The question is, what is she doing now to create the world that she wants?
"We can spend a lot of productive time ranting and raving," Scott said, "to soothe this not-liking-what-has-already-taken-place. Or we can craft it and articulate it and move forward in a way that does something about it."
I pointed out that this 14-year old's mom seemed proud, as if she thought, "Yeah she's caught up -- this is the anger that gets things changed in the world!"
He answered: "We love it when our children are inspired. And she's right! I think the question is, we have a lot of people who are inspired to make change. And then they can go in different directions based on how they do that. Some are productive and some can go astray."

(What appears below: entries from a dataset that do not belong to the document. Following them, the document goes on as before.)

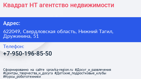Квадрат-НТ, агентство недвижимости по адресу 622049, Свердловская область, Нижний Тагил, Дружинина, 51 в дальнейшем Организация, размещена в следующих категориях:
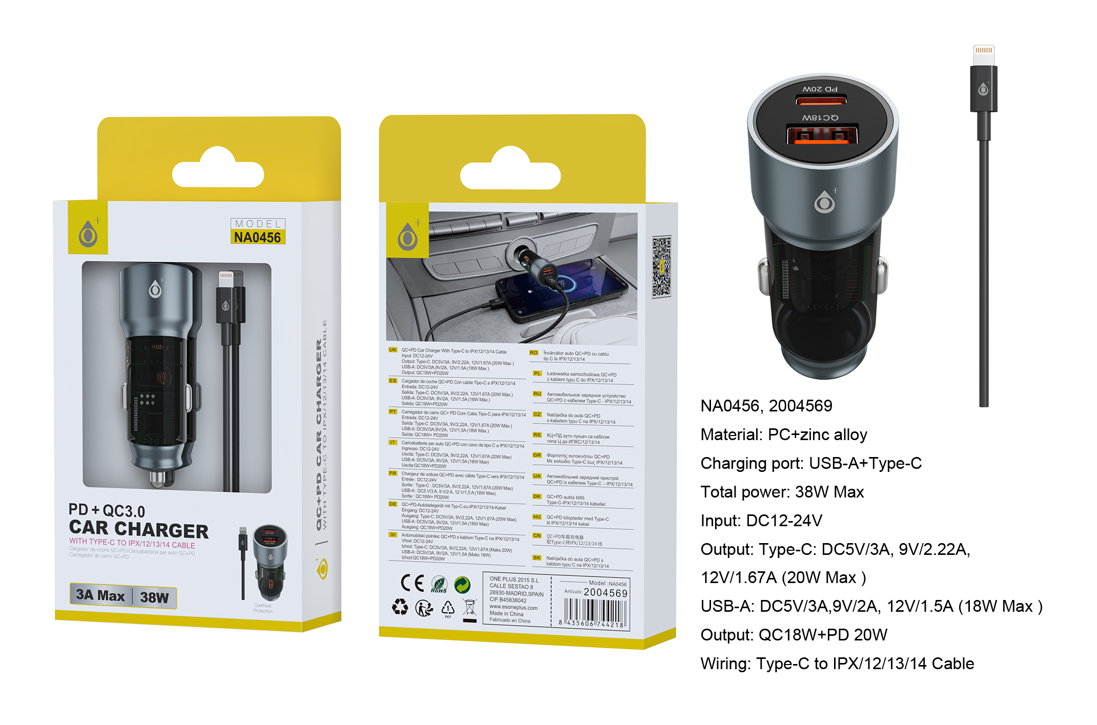 NA0456 GR Cargador de Mechero Blaz Zin alloy con carga rapido, USB-C(20W)+USB-A QC 3.0(18W) Con cable Lightning, 38W/3A Max, Gris
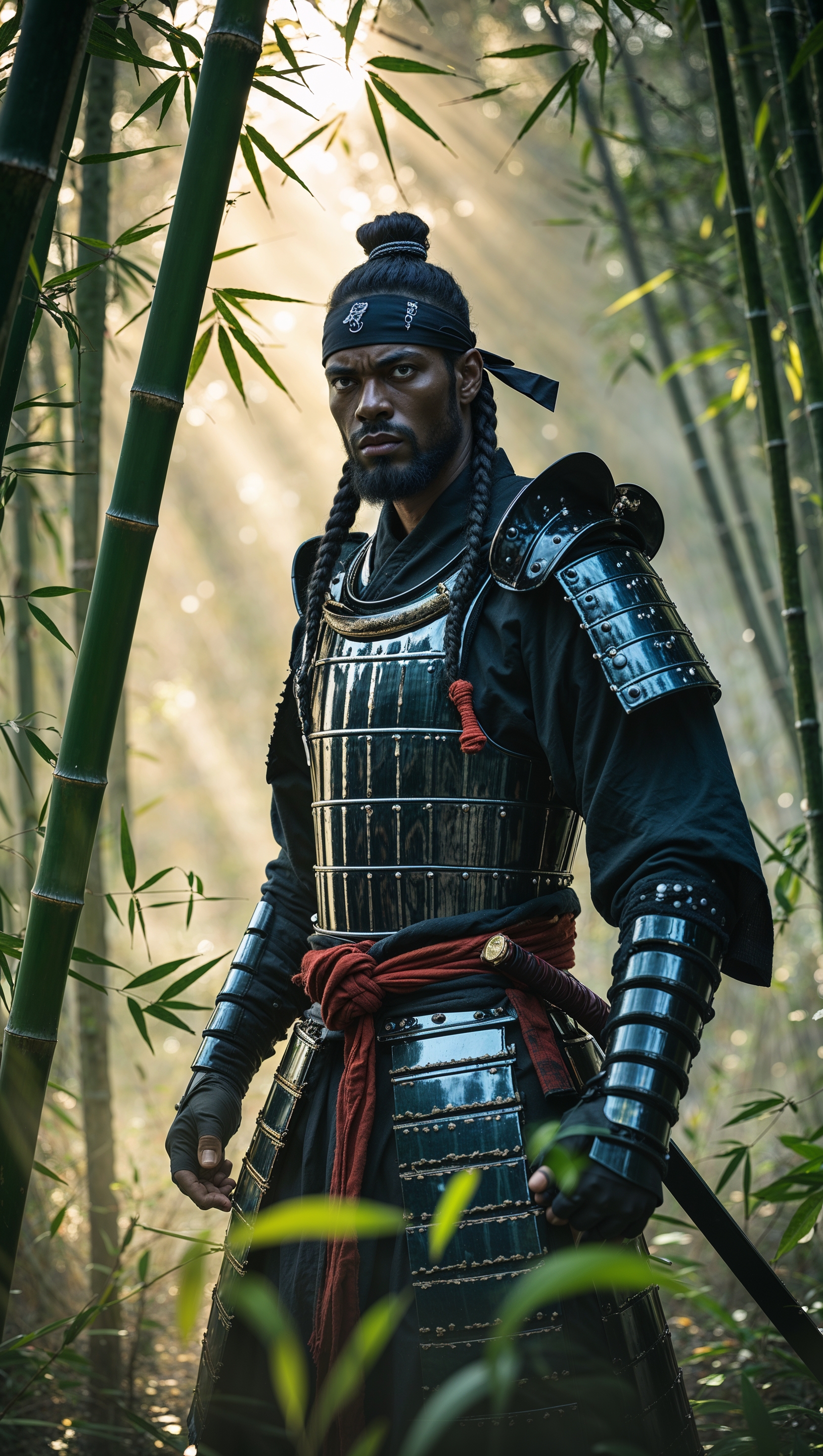 1664x2944 Afro Samurai standing in a bamboo forest, mist swirling around, cinematic iPhone wallpaper
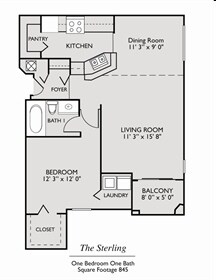 Apartment Model: SterlingFrom $1,4021 Bedroom, 1 Bath, 846 sq ftAvailable NowFloor plans are artist's rendering. All dimensions are approximate. Actual product and specifications may vary in dimension or detail. Not all features are available in every rental home. Prices and availability are subject to change. Base rent is based on monthly frequency. Additional fees may apply, such as but not limited to package delivery, trash, water, amenities, etc. Deposits vary. Please see a representative for details.
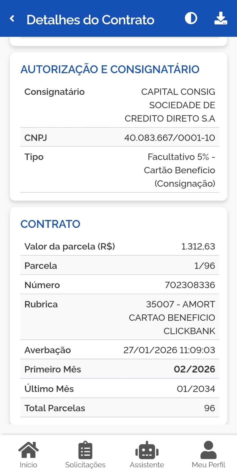 Segundo Lucena, no dia 27 de janeiro de 2026, às 11h09, foi registrada no sistema a contratação não autorizada de um empréstimo dividido em 96 parcelas de R$ 1.312,64 cada, com início de desconto previsto já para fevereiro.
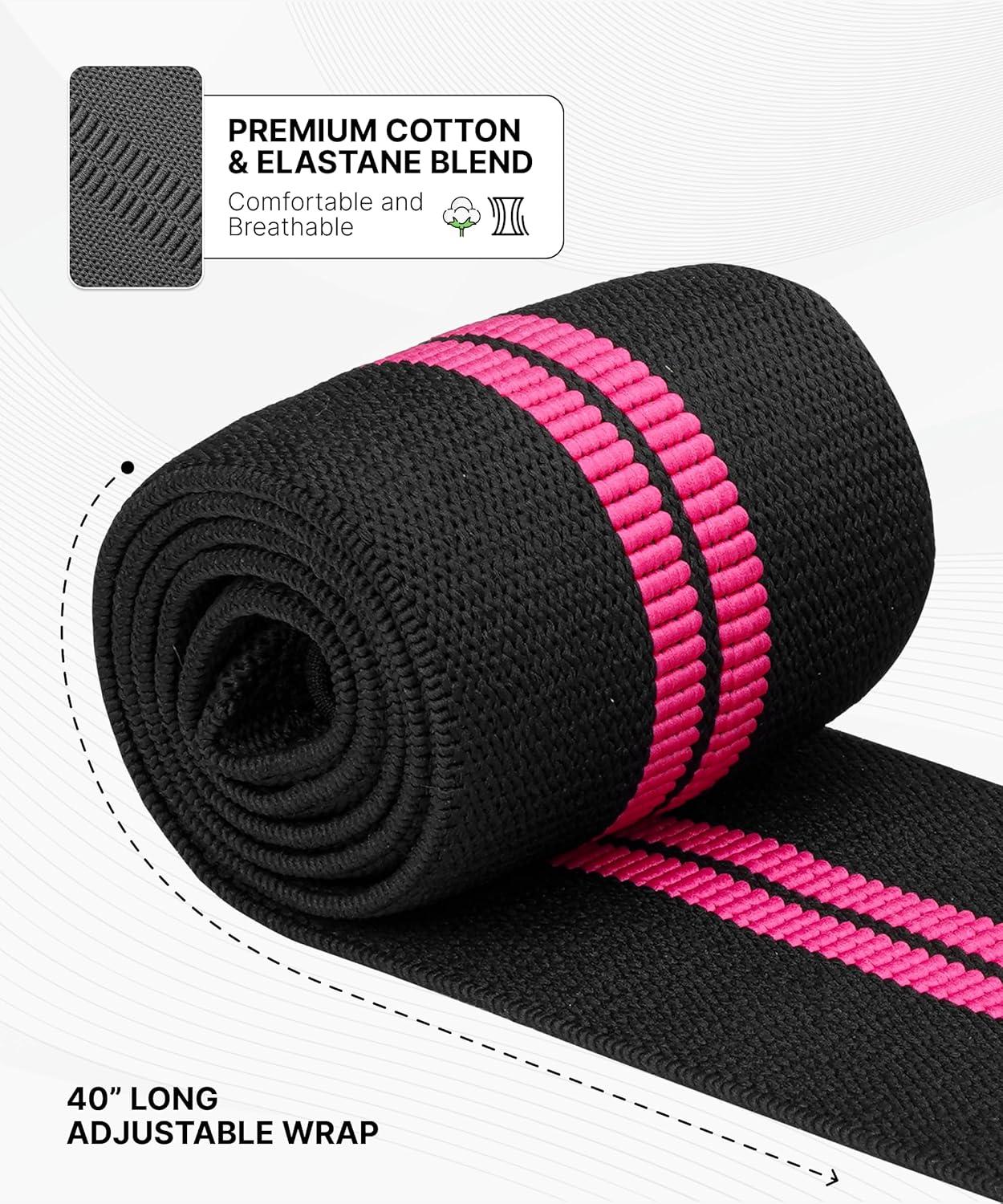 DMoose Fitness Elbow Wraps for Weightlifting (Pair) 40″ Adjustable Brace for Joint Support, Pain Relief & Tendonitis – Elbow Straps for Weight Lifting, Bench Press & Gym Workouts, Band for Men & Women(Pink Stripes)
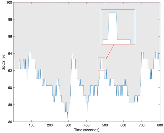 Hypoxia load (HL) differs from other desaturation area-based parameters, as it is independent of any desaturation threshold or respiratory events. As shown in Figure 5, HL is defined as the desaturation area above the SpO2 trace divided by the total time of sleep. The calculation of HL can be divided into two steps: (1) The SpO2 saturation area is calculated by the numerical integration of the SpO2 trace using the trapezoidal rule, as shown in Equation (5):
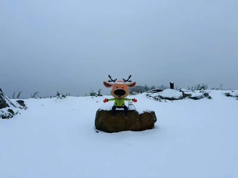 受水氣增加影響,合歡山自今(27)日凌晨4時起持續降雪。截至上午8時,海拔3,150公尺的松雪樓周邊積雪已達9公分,現場氣溫約0.6度。清晨旅客醒來,眼前景色一片銀白,宛如童話世界,不少遊客興奮地在松雪樓前堆起雪人,感受難得的雪景氛圍。
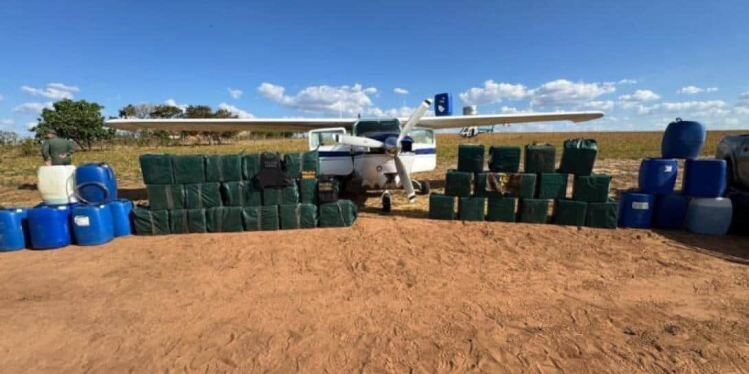 No local, as autoridades apreenderam 31 fardos de cocaína — 17 ainda dentro da aeronave, parte em uma caminhonete em processo de carregamento e o restante escondido em áreas de mata.
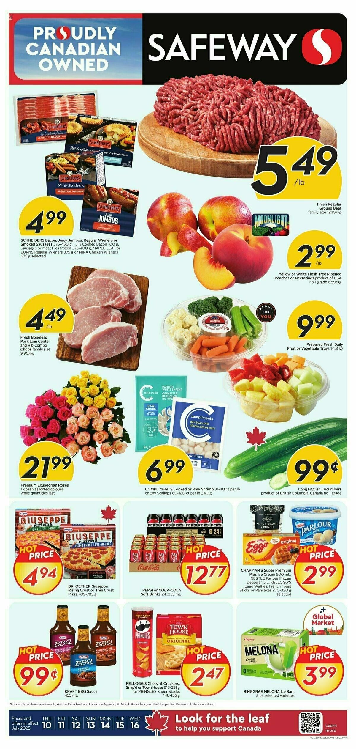 Please see above for the latest weekly flyer for Safeway. It is valid from Thursday 07/10 through Wednesday 07/16/2025. You are currently on page 1 out of 19. Deals expire in . On Thursday 07/17/2025, you will find here a brand new weekly flyer. Special offers are available here for Safeway during public holidays. These include: Remembrance Day, Black Friday and Xmas Day. Please see Walmart Flyer from December 18 (valid from Thursday 12/18 through Wednesday 12/24/2025) for more interesting offers. To get more information call the phone number 1-800-723-3929 or visit the official website www.safeway.ca.
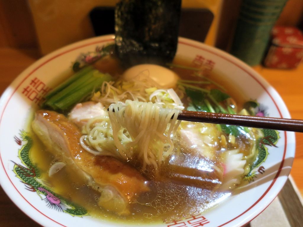 麺はストレートの中細タイプ。佐野実さんが弟子にしか卸さなかったという支那そばや製。全粒粉入りで、しなやかでシルキーなのにしっかりとした強いコシがあります。
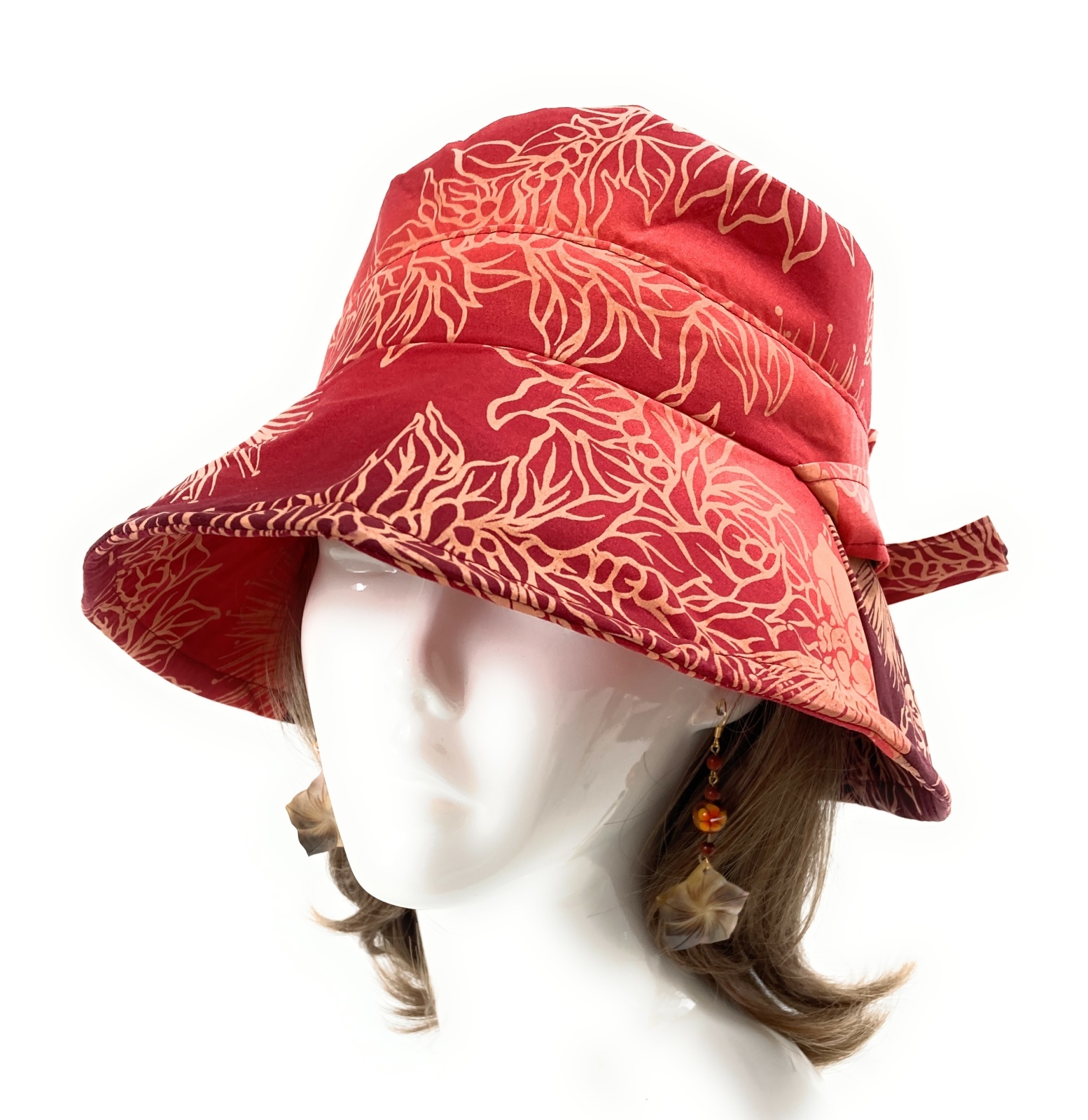 *デザイン:ハワイ直輸入のハワイアン・デザインプリント生地でデザインした、とてもお洒落なツバが広いキャペリンハットです。ボリエステル製のワイヤー入りなので型崩れしにくく綺麗なシルエットを保ちます。頭周りサイズは、内側の紐で調節できます。
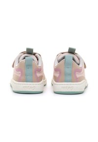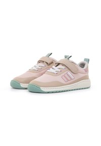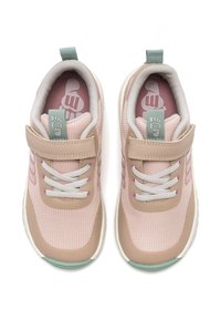 La chaussure présente une tige en maille rose avec des accents beiges, une bride en velcro blanche et une semelle en caoutchouc verte avec une semelle extérieure à relief prononcé pour une bonne adhérence.
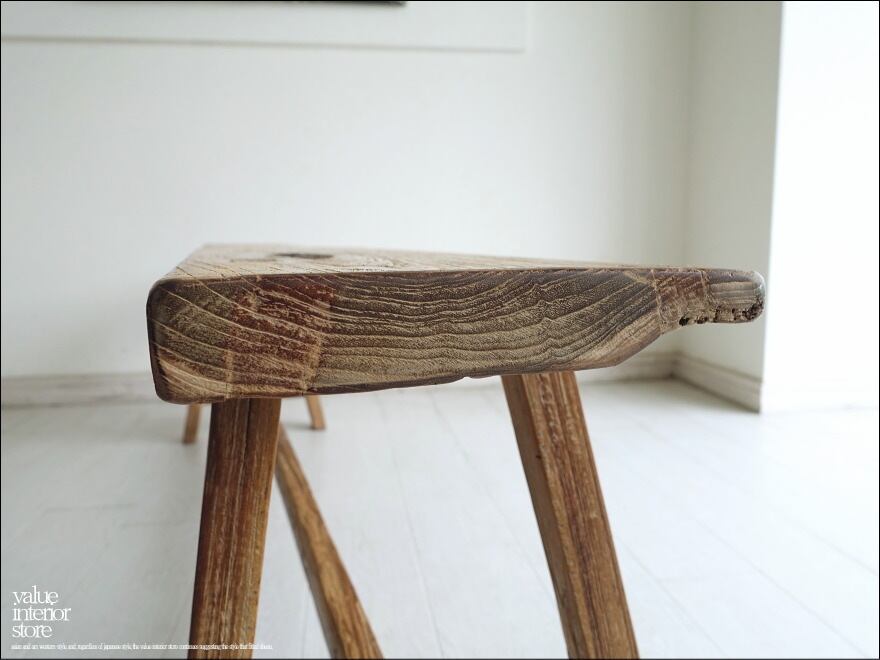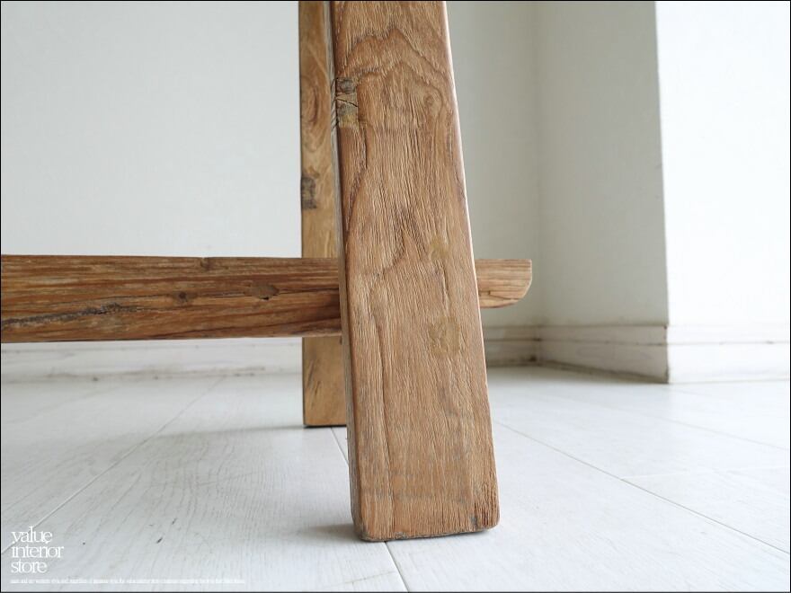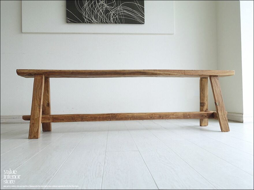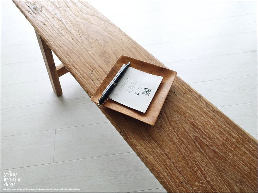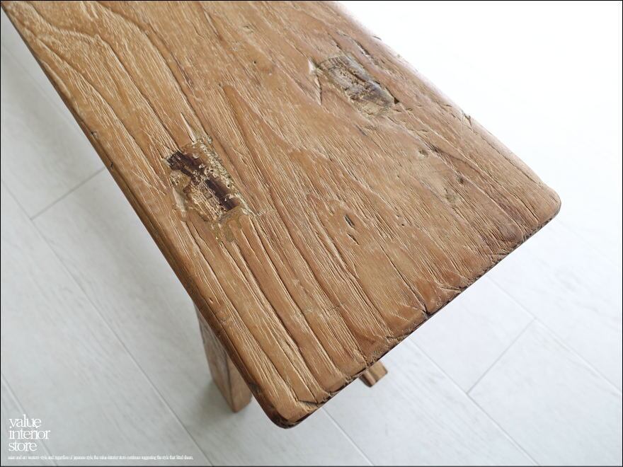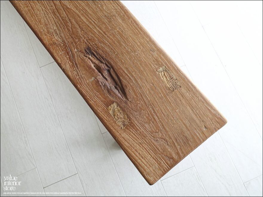 オールドチークならではの味のある雰囲気が魅力のベンチ。一枚板の座面は厚みもあり長くお使いいただけるしっかりした作りです。チークならではの荒々しさと、古材ならではの変化に富んだ木肌が全体的に見られ味わい深く仕上がっています。職人さんが丹精こめて作った印象に溢れていて、きっとお部屋をスローダウンした素敵な雰囲気に包んでくれます。ベンチだけでなくインテリアのディスプレイ台としてもステキです。
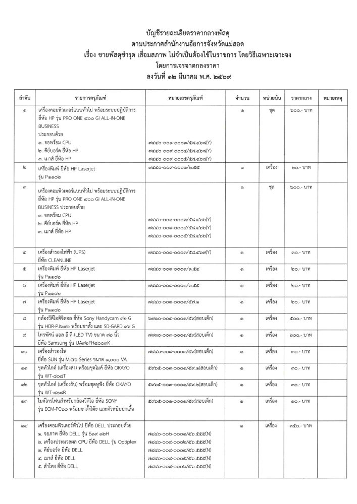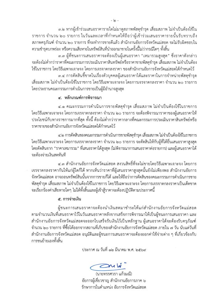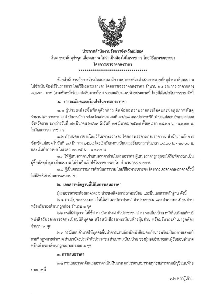 ประกาศ เรื่อง ขายพัสดุชำรุด เสื่อมสภาพ ไม่จำเป็นต้องใช้ในราชการ โดยวิธีเฉพาะเจาะจง โดยการเจรจาตกลงราคา
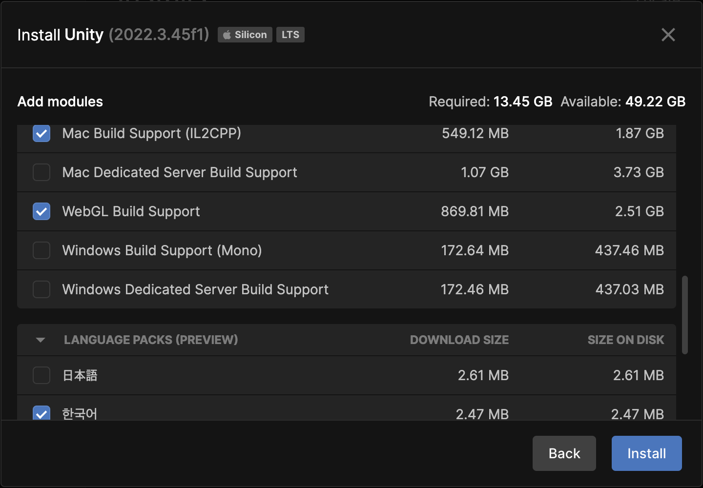 - 공식 홈페이지에서 Mac용 다운로드를 클릭하여 Unity hub 다운로드
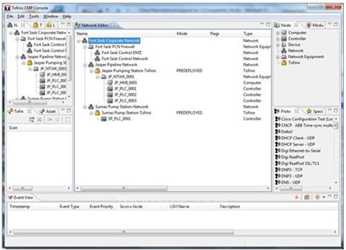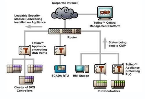 Tofino模塊采用Tofino Central Management Platform (CMP,中央管理平臺(tái))進(jìn)行集中配置、組態(tài)和管理(可遠(yuǎn)程甚至跨國(guó)使用),控制系統(tǒng)網(wǎng)或企業(yè)網(wǎng)均可以在適當(dāng)位置安裝CMP。使用CMP,并裝載各種必要的Loadable Security Modules (LSMs,可裝載安全軟件插件),就可以實(shí)時(shí)在線調(diào)整Tofino模塊,使之滿足所保護(hù)區(qū)域及設(shè)備的安全要求。

So far, my 17-month-old daughter's anguish comes from not being able to put a puzzle together. My instinct is to right away help her with that puzzle -- stop those tears. But what about the other puzzles? A whole life ahead of her where things won't fit the way she'd like?
I agree with Scott Rogers that the mindful person understands that our frustration with the world comes from us, not the world. But he and Eric Wilson believe something in common: Just because my daughter's unhappiness is in her mind doesn't mean it isn't real. Together, maybe she and I can recognize anguish. And appreciate it as a welcome guest -- who knows when to leave.